In conversation I am impassioned, and oppose what I deem error with an eagerness which is often mistaken for personal asperity; but I am ever so swallowed up in the _thing_ said that I forget my _opponent_.

Such am I." The Rev.Leapidge Smith, in his "Reminiscences of an Octogenarian," remembered him as "a tall, dark, handsome young man, with long, black, flowing hair; eyes not merely dark, but black, and keenly penetrating; a fine forehead, a deep-toned, harmonious voice; a manner never to be forgotten, full of life, vivacity, and kindness; dignified in person and, added to all these, exhibiting the elements of his future greatness."[1] Hazlitt, in "My First Acquaintance with Poets" (a paper that every student of Coleridge's life and poetry should read), describing him as he appeared on his visit to Hazlitt's father at Wem in 1798, says: "His complexion was at that time clear, and even bright.

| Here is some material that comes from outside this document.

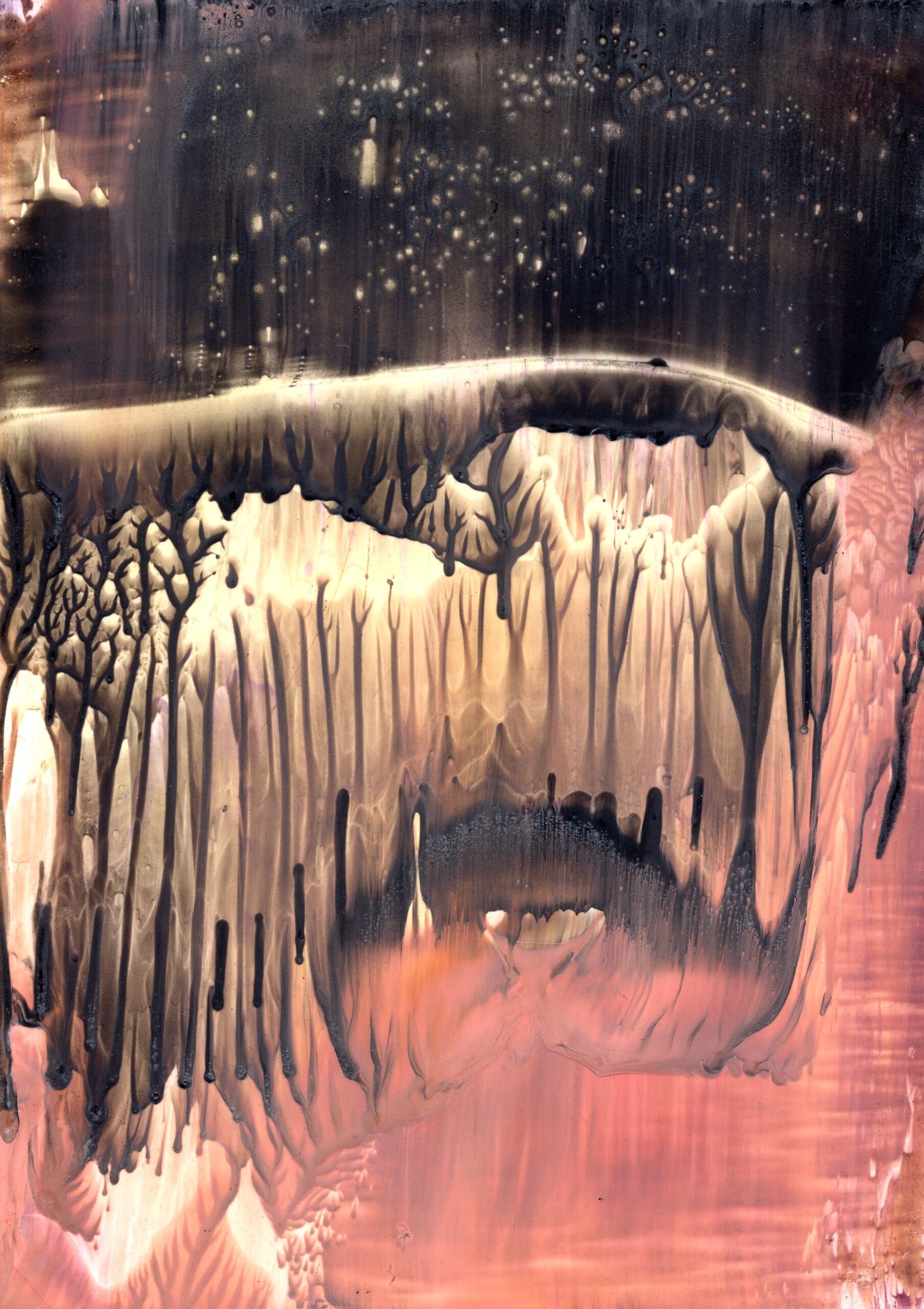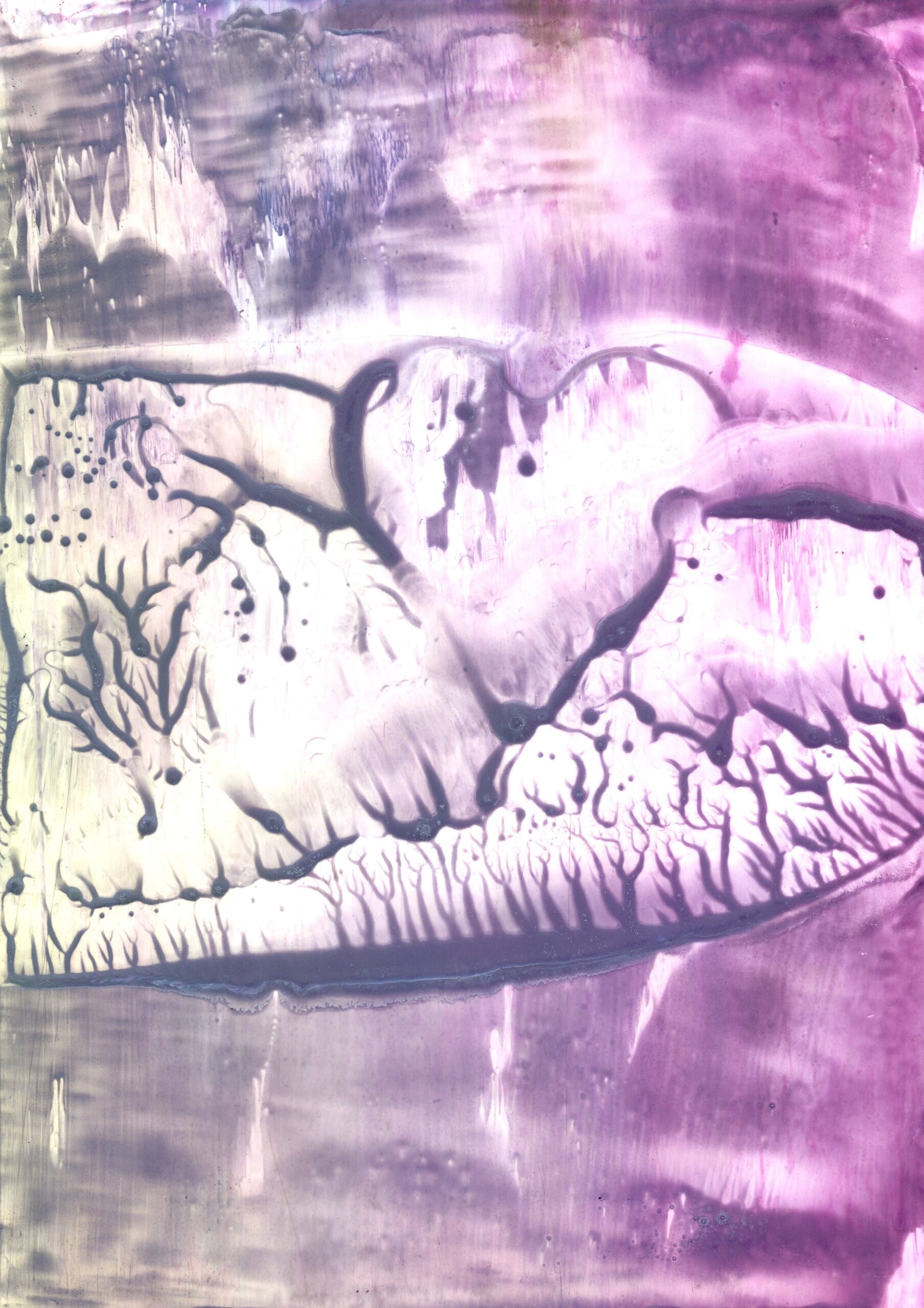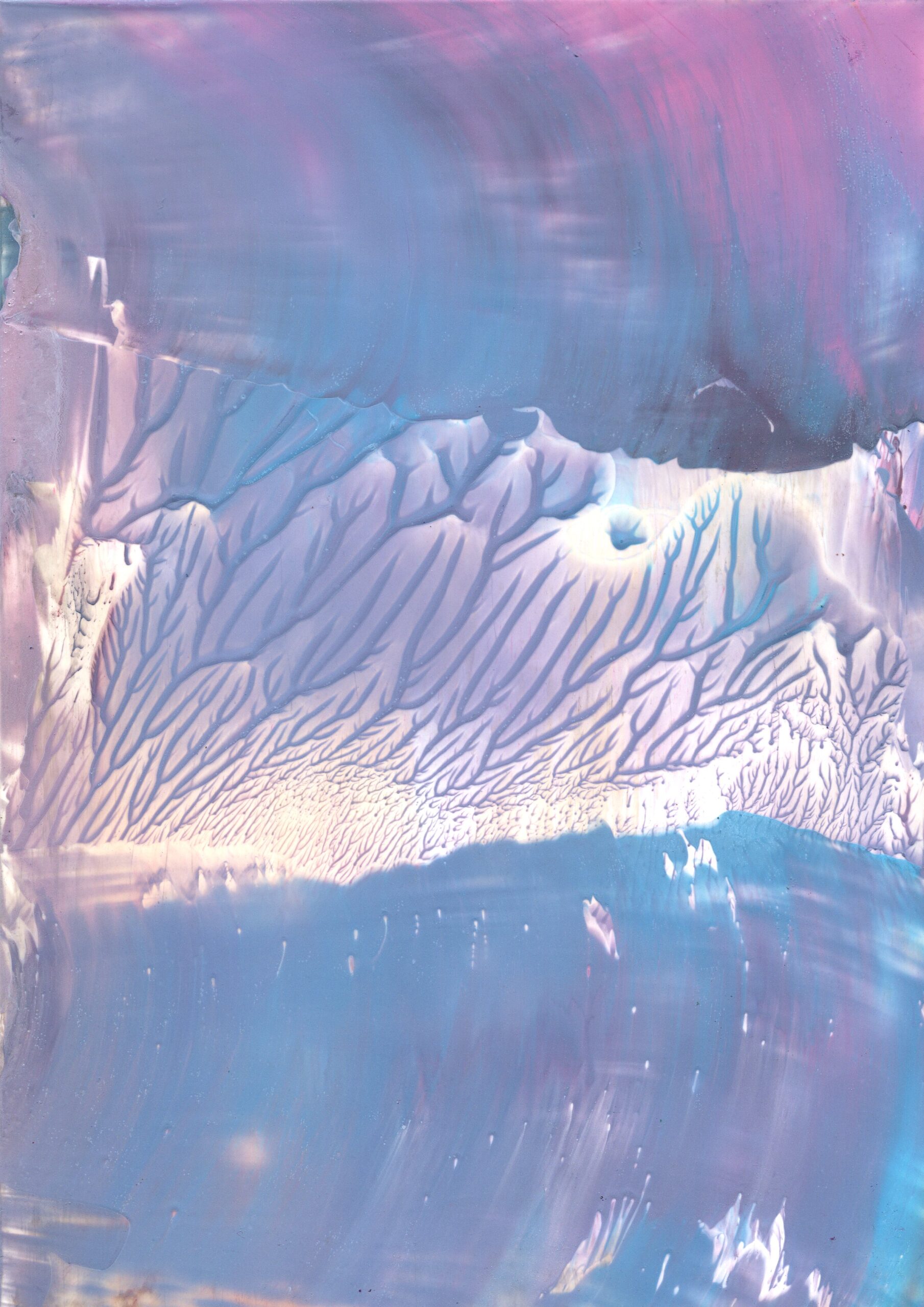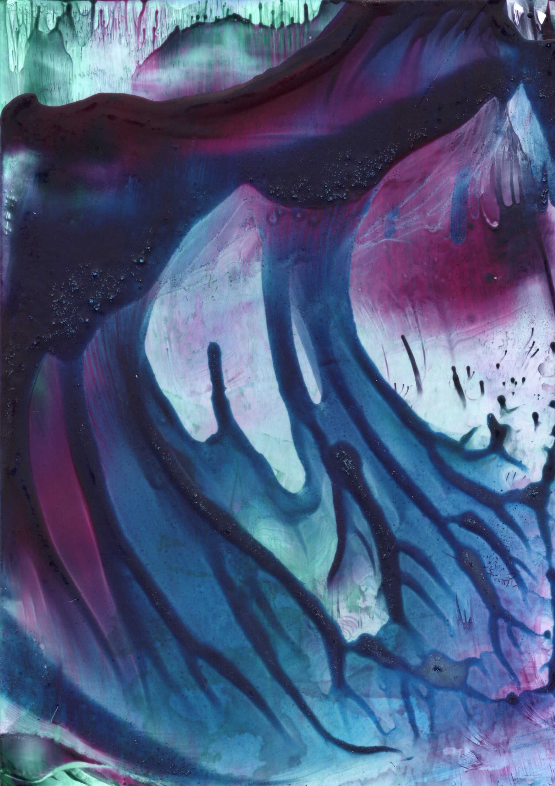 A series of 28 paintings 100 x 70 cm • 2014-2020 In this series of paintings, nature appears as a living being, expressing its fantasies in visual forms. Viewers can see nature not only as a physical reality, but also as a metaphysical force - one that inspires and motivates to preserve its beauty. These paintings are characterized by a surreal harmony, blending familiar natural forms with bizarre elements. The shapes resemble waves, rocks, trees, or clouds, sometimes distorted or intertwined with colors that do not exist in nature. Stripes, blurs and multi-layered textures create a sense of movement that hints at the unpredictability of dreams. At the same time, individual details of the paintings (for example, chaotic or tense strokes) point at nature's "nightmares" caused by human activity - pollution, destruction of landscapes, or climate change. Medium: Artist's Quality Encaustic and Wax Crayons Surface: Encaustic Painting Cards

His forehead was broad and high, light as if built of ivory, with large projecting eyebrows, and his eyes rolling beneath them like a sea with darkened lustre....

His mouth was gross, voluptuous, open, eloquent; his chin good-humored and round, but his nose, the rudder of the face, the index of the will, was small, feeble, nothing--like what he has done." And Dorothy Wordsworth (to close with a contemporary and sympathetic impression) set him down in her journal after their first meeting at Racedown thus: "He is a wonderful man.